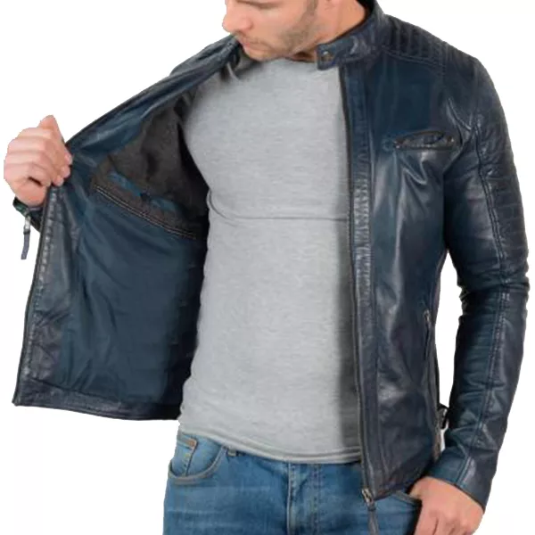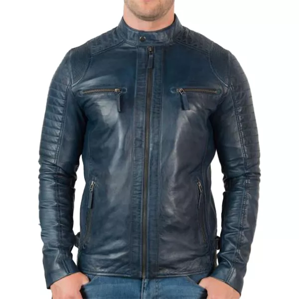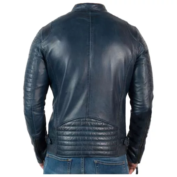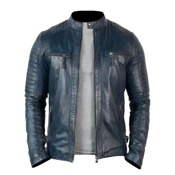 Vintage Cafe Racer Distressed Blue Motorcycle Leather Jacket
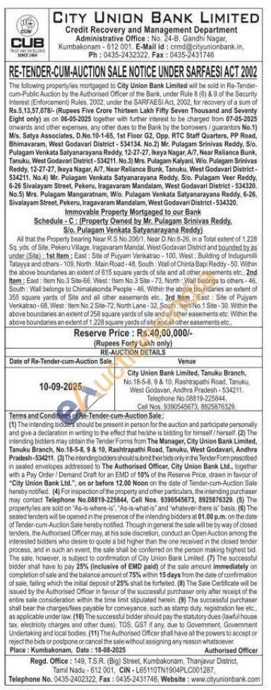 All that the Property bearing Near R.S.No.206/1, Near D.No. 6-26, in a Total extent of 1,228 Sq yds of Site, Pekaru Village, Iragavaram Mandal, West Godavari District and bounded by as under (Site) 1st Item: East: Site of Puyam Venkatrac-100, West: Building of Indugumill Tatayya and others-108, North Main Road-48, South Wall of Chinta Bapi Reddy-50. Within the above boundaries an extent of 615 square yards of site and all other easements etc., 2nd Item: East: Item No.3 Site-66, West: Item No.3 Site-73, North Wall belongs to others-46. South Wall belongs to Chimalakonda People-46. Within the above boundaries an extent of 355 square yards of Site and all other easements etc.. 3rd Item: East: Site of Pujyam Venkatran-68, West: Item No.2 Site-72, North Lane-32. South Item No.1 Site-30. Within the above boundaries an extent of 258 square yards of site and all other easements etc. Within the above boundaries an extent of 1.228 square yards of site and all other easements etc..
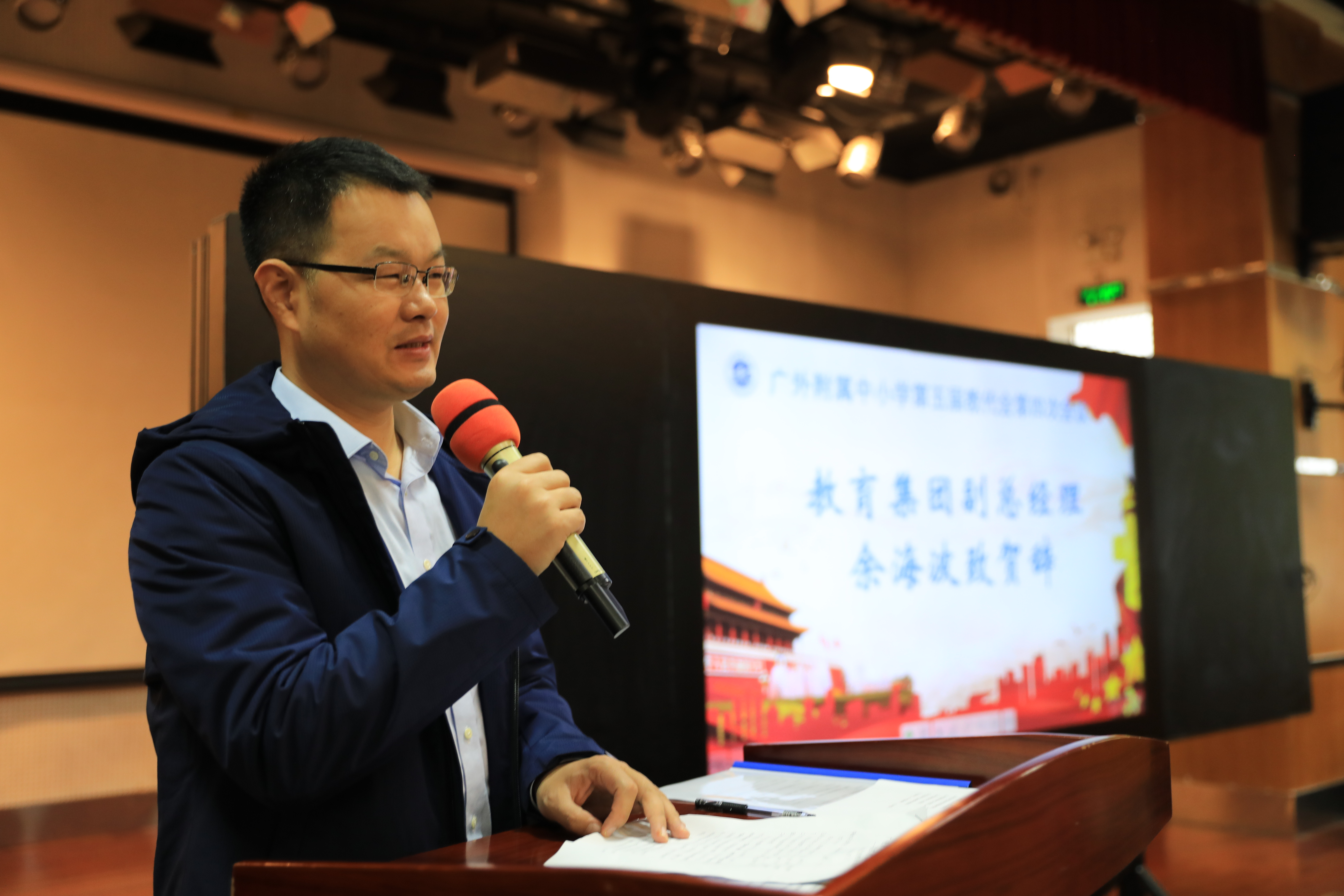 教育集团副总经理余海波在致贺词中代表教育集团向大会的顺利召开表示祝贺,对学校近年来的办学成果给予充分肯定。他指出,今年是附属中小学建校50周年,50年来学校不断地发展,逐步成为白云区乃至广州市一张闪亮的教育名片。这得益于学校有一支政治素质高、有凝聚力和战斗力的学校管理团队以及众多无私奉献、爱岗敬业的教职员工。他希望各位代表增强大局意识,带头担当作为。同时要以此次会议为新起点,进一步明确目标、坚定信心,凝聚智慧、开拓进取,为实现学校下一个50年发展宏伟目标积极贡献力量。
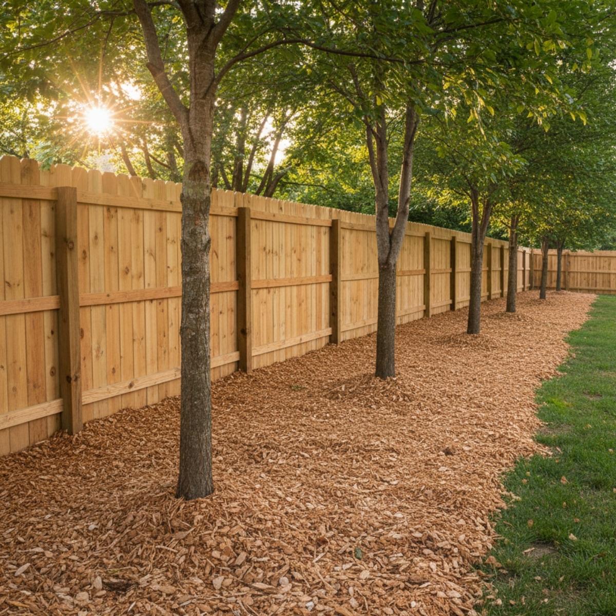 Custom fence installation and premium wood chip delivery for landscaping, property borders, and ground coverage with natural appeal.
◆ ◆ ◆ ◆ ◆ ◆ ◆
→ **What you will do**: Would it be possible to give the material above again exactly, with the pictures left out?

→ **Task answer**:
 Vintage Cafe Racer Distressed Blue Motorcycle Leather Jacket
 All that the Property bearing Near R.S.No.206/1, Near D.No. 6-26, in a Total extent of 1,228 Sq yds of Site, Pekaru Village, Iragavaram Mandal, West Godavari District and bounded by as under (Site) 1st Item: East: Site of Puyam Venkatrac-100, West: Building of Indugumill Tatayya and others-108, North Main Road-48, South Wall of Chinta Bapi Reddy-50. Within the above boundaries an extent of 615 square yards of site and all other easements etc., 2nd Item: East: Item No.3 Site-66, West: Item No.3 Site-73, North Wall belongs to others-46. South Wall belongs to Chimalakonda People-46. Within the above boundaries an extent of 355 square yards of Site and all other easements etc.. 3rd Item: East: Site of Pujyam Venkatran-68, West: Item No.2 Site-72, North Lane-32. South Item No.1 Site-30. Within the above boundaries an extent of 258 square yards of site and all other easements etc. Within the above boundaries an extent of 1.228 square yards of site and all other easements etc..
 教育集团副总经理余海波在致贺词中代表教育集团向大会的顺利召开表示祝贺,对学校近年来的办学成果给予充分肯定。他指出,今年是附属中小学建校50周年,50年来学校不断地发展,逐步成为白云区乃至广州市一张闪亮的教育名片。这得益于学校有一支政治素质高、有凝聚力和战斗力的学校管理团队以及众多无私奉献、爱岗敬业的教职员工。他希望各位代表增强大局意识,带头担当作为。同时要以此次会议为新起点,进一步明确目标、坚定信心,凝聚智慧、开拓进取,为实现学校下一个50年发展宏伟目标积极贡献力量。
 Custom fence installation and premium wood chip delivery for landscaping, property borders, and ground coverage with natural appeal.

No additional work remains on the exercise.